Python - If json element is "not valid", try the other one

Question

So I have been playing around with Json and Python and basically I have a Json file where sometimes some elements are not included and sometimes it is. Basically what I want to do is that check if the first element that contains "ImageUrl" is there and is valid then use that element, Else use the other imageURL

"threads": [{
    "id": "3a64a3b18894fb70c92b6382a1e8f735320c1cbb",
    "product": {
        "imageUrl": "https://hello.com/555088_401.JPG",
    },
    "imageUrl": "https://hello.com/images/555088_401.JPG",
}]

However it can happen that the first ImageURL can contain 999999_999 at the end and that is counted as invalid aswell.
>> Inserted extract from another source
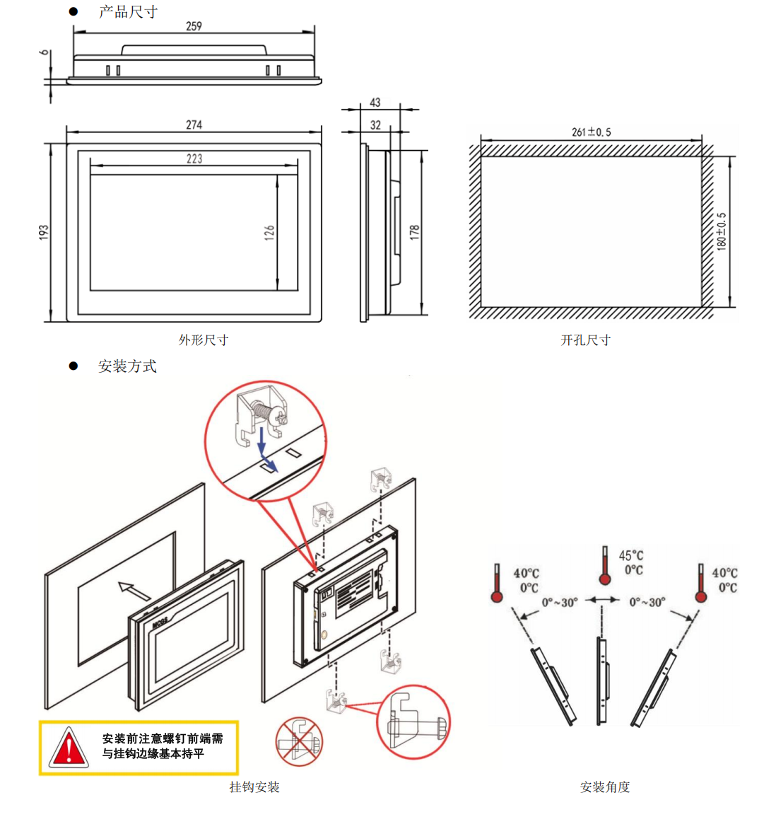 一、产品介绍 N 系列物联网屏通过本地/4G/WiFi 联网,可对屏和屏所连接的设备进行远程运维操作。远程数据终端,可接收 4G/NB 无线温度进行显示并转换为 MODBUS RTU TCP 数据传送给 PLC 或上位机。可对接目前行业内大部分通用设备,如温度、压力、环境、电表多种传感器,通过控制显示屏进行数据汇总,适合小场景智能控制。节省成本。二、技术参数二、安装示意
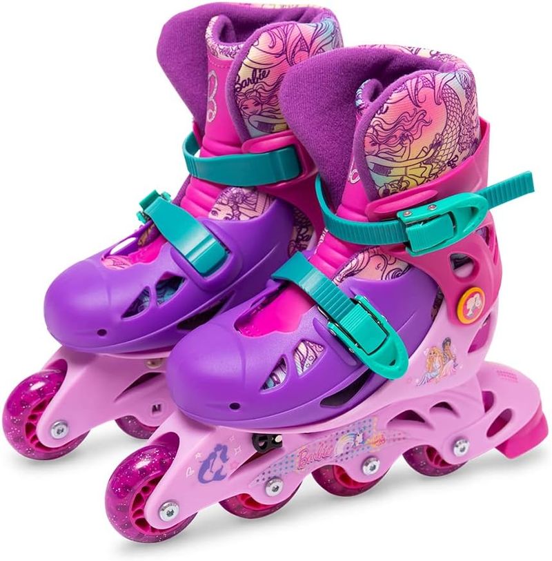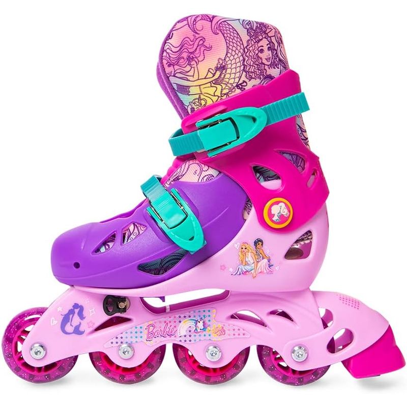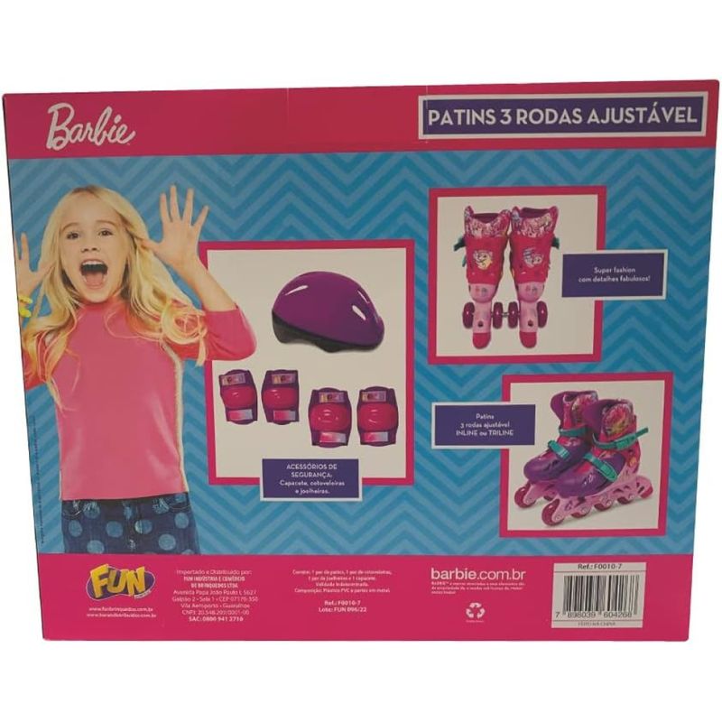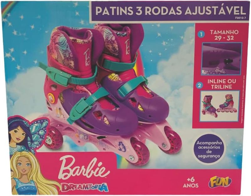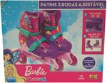 BARBIE PATINS 3 RODAS AJUSTÁVEL 29 A 32 C ACESSORIOS DE SEGURANÇA Para quem já é fã da linha de brinquedos Barbie, olha só o que a Fun trouxe com exclusividade. Esse patins cor de rosa, decorados com o charme e a marca Barbie, é tudo o que as meninas querem para passear com bastante estilo. Mas o Patins Fashion da Barbie 3 rodas não é só beleza, não. É de boa qualidade também. Feito em PVC, um material bastante resistente, seu interior está equipado com um bota acolchoada muito confortável. Ele é todo afivelado, permitindo um encaixe perfeito nos pés. E mais, ele cresce com a criança, sendo perfeitamente ajustável para cada variação de tamanho. E depois que a criança aprender bem a andar, é só transformar o patins de 3 para 4 rodas in line Além disso, este patins vem com dispositivo que permite 4 ajustes de tamanho (tamanhos 29, 30, 31 e 32). E olha que legal: o patins já vem com itens de segurança: capacete, cotoveleira e joelheira (acessórios não profissionais). E também uma cartela de Strass. As fotos são ilustrativas. Tonalidades das cores podem variar. Conteúdo da embalagem: 01 Patins Barbie, da Fun, cor de rosa, 3 rodas, ajustável para os números 29 ao 32 01 Capacete 01 Cotoveleira 01 Joelheira 01 Roda extra (para converter o patins de 3 para 4 rodas inline) 02 Chaves Allen 04 Parafusos e porcas 01 Cartela de Strass para decorar o patins Manual de Instruções na caixa do patins Características: Idade Recomendada: A partir de 3 anos Cor Predominante: Rosa Personagem: Barbie Tamanho Ajustável: Para os tamanhos 29 ao 32 Material: PVC, poliéster e alumínio Rodas Material: Emborrachado Garantia: 3 meses

What I have done so far is:

resp = s.get(url)
item = resp.json()['threads']    

itempic = item.get('imageUrl')  # Check if there is sell date
if itempic:
   image = str(item['imageUrl'])  # Image pic          
else:
   print('Picture not found')

which currently only take the second url imageUrl which is not what I want but it does work (also it check if the imageUrl contains anything aswell), The question is:

How can I take the first imageUrl element and check if it is "valid" and does not contains 999999_999 at the end (If it is valid and correct then use it and print) else If it is not "valid" then use the second imageUrl

Answer 1

You just need to check whatever value you get back for 999999_999. It's simpler if you use the get method to "pretend" that a missing URL is a string that will match.
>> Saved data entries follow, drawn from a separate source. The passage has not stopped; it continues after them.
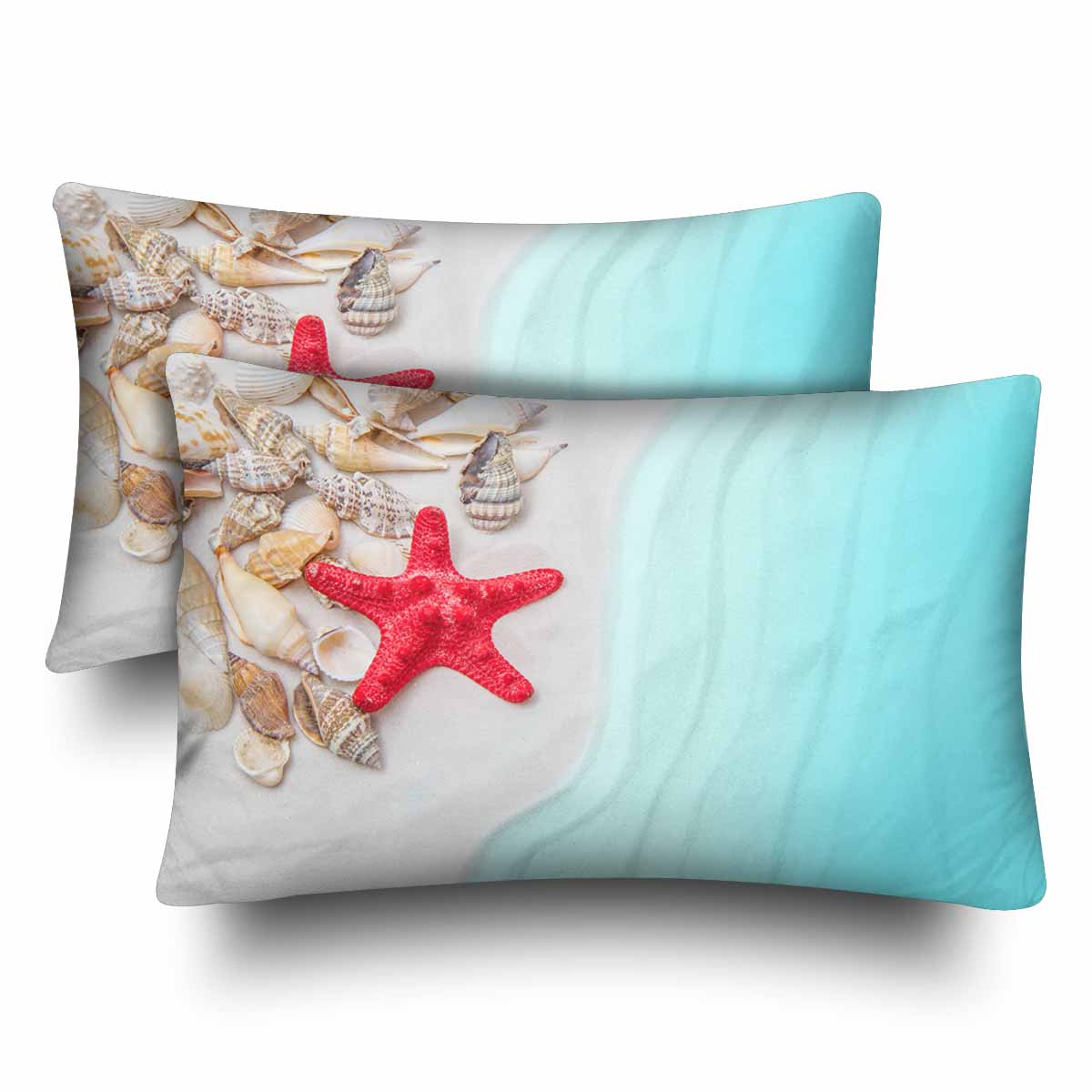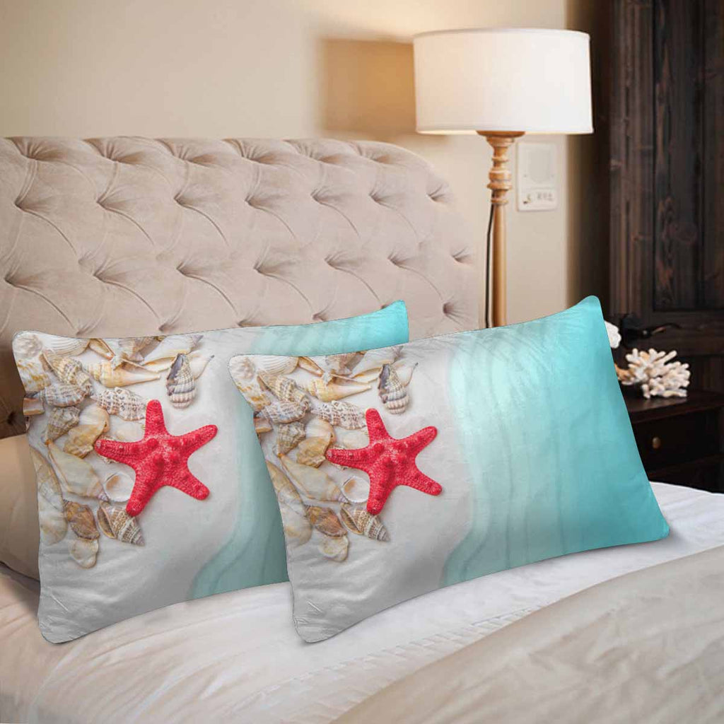 Tropical themed Rectangle Pillow Cases printed white sand, starfish and shells
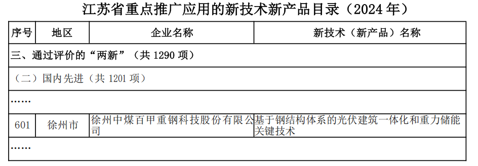 近日,江苏省工业和信息化厅印发了《江苏省重点推广应用的新技术新产品目录(2024年)》(以下简称《目录》),徐州中煤百甲重钢科技股份有限公司(简称:百甲科技股票代码:835857)“基于钢结构体系的光伏建筑一体化和重力储能关键技术”入选省“两新”目录,类别:国内先进。
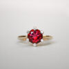 A beautifully rich and vibrant garnet five stone half hoop contemporary ring designed with antique Georgian aesthetics in mind. This pretty piece is set with a line of subtly graduated gorgeous garnets in a closed back setting. The largest garnet measures 6 mm x 4 mm. Flanked by grooved detail shoulders and a plain shank. A perfect piece to wear on its own or stack with others.
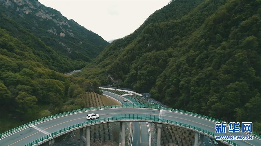 6月11日,一輛汽車在青海省扎隆溝至碾伯鎮(zhèn)公路上行駛(無人機拍攝)。新華社記者張宏祥攝
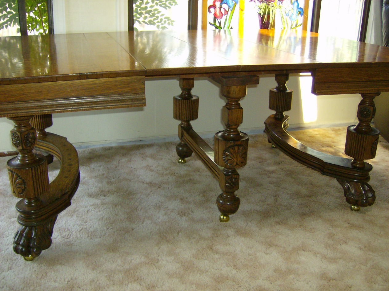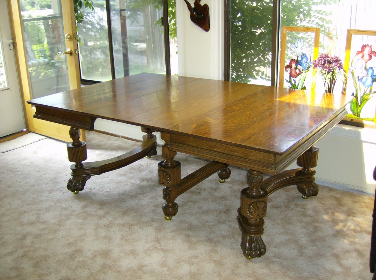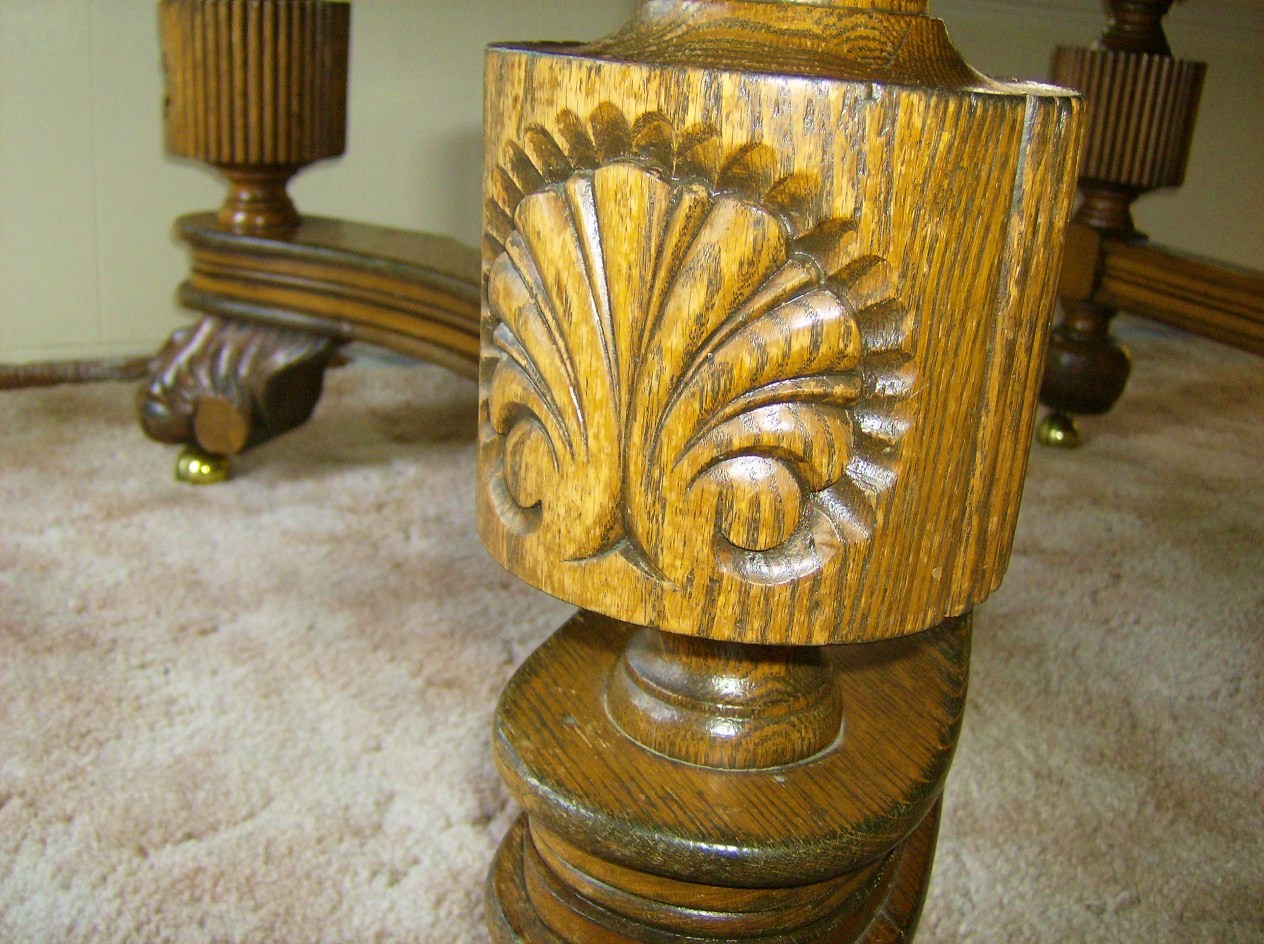 1910? huge lion paw feet, solid tiger oak? 50x50 table w/2 leafs (very fancy) thick wood,lots of design and scrolling...

# This assumes that you want the top-level imageURL in preference to
# the product imageURL...
def get_url(d):
    for item in d['threads'], d['threads']['product']:
        url = item.get('imageUrl', '999999_999')
        if not re.match('999999_999', url):
            return url

As you can see, it's also simpler to just pretend that the second try could match 999999_999, even if you know it won't.